WG3. Climate Change and the Environment

  • Michelle Michot Foss (United States). Ms. Foss holds a PhD from the University of Louisiana-Lafayette, the Colorado School of Mines and the University of Houston. She has over 30 years’ experience in oil, gas, LNG, and energy prospects and scenarios. She is advisor to the USA and to several international power companies. She has developed and managed private, WB, USAID, and US Department of Energy projects. She is an Executive Trainer at the UT McCombs School of Business. She has been a Senior Fellow (USAEE-US Association for Energy Economics) (2006); selected as one of the Key Women in Energy-Americas (2003); member of the Scientific Council, 50th Anniversary of ENI (2003); President of IAEE (2003), and President of USAEE (2001), among others.


  • Margarita Astrálaga (Colombia). Ms. Astrálaga is a biologist, specialist in environmental management from the Danish Water Institute, and holds a Master in Regional Planning and Development. She has over 25 years of experience in the environment and sustainable development sector, and has held a wide-range of responsibilities, at the national and international levels.

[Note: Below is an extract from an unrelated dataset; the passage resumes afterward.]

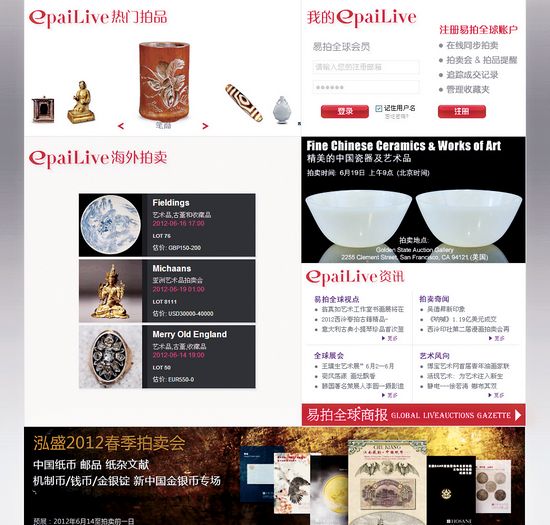 如果说hihey的拍品主要直接征集自藏家和画廊,另一个知名在线拍卖网站——易拍全球则在拍卖行和藏家之间搭建了一个在线交易的平台。这个号称全球最大的古董、艺术品网上竞拍网站可被看作是一个信息、科技、服务平台,旨在帮助全世界的拍卖行与收藏家实现跨国、跨地域的网上检索、搜索及浏览,为买家收藏古董及艺术品提供全方位的资讯服务及科技支持。易拍全球自2011年4月正式上线以来,以无一秒延迟的网络直播、线上竞拍科技,协助买家在世界各地实现网上交易。2011年10月至2012年3月,易拍全球网上竞拍成交达35笔,最高成交额达38万元人民币,实现海外代拍106笔,海外代拍成交总计折合530万元人民币。

Among others she has worked at the United Nations Environment Programme in Nairobi, Kenya, and the Latin American and Caribbean Region of the Oceans and Coastal Areas Programme (1988), as Head of the Capacity Building Unit of the Secretariat of the Convention of Trade on Endangered Species (CITES) (1994-1997), as consultant for the World Bank and the Inter American Development Bank on institutional strengthening of the Ministry of Environment and designing a biodiversity strategy for Patagonia, and the Secretariat of the Ramsar Convention on Wetlands as the Americas Senior Advisor (1999). Until April 2010 she worked for the International Union for Conservation of Nature as the Director of the IUCN Mediterranean Cooperation Centre in Spain, and now works for United Nations Environmental Programme (UNEP) as the Regional Director in the Office for Latin America and the Caribbean.


Group of Women Parliamentarians: Meeting 08. Financial Crisis and its Effects on Women in the Region

  • Mayra Buvinic (Chile). Ms. Buvinic holds a PhD in Social Psychology from University of Wisconsin-Madison. She led the World Bank’s Gender Action Plan (4 years, USD 70 million), positioning gender equality as “profitable economy”, including an initiative for adolescents and the promotion of gender as a priority in loans to poor countries. In her capacity as head of the Social Development Division with IADB, she shaped the Bank’s work in violence prevention, coordinated the Social Development Strategy, and launched the Social Inclusion Trust Fund. As founding member (and President for 19 years) of the International Center for Research on Women, she built an internationally renowned center that is committed to improving the situation of poor women in developing countries.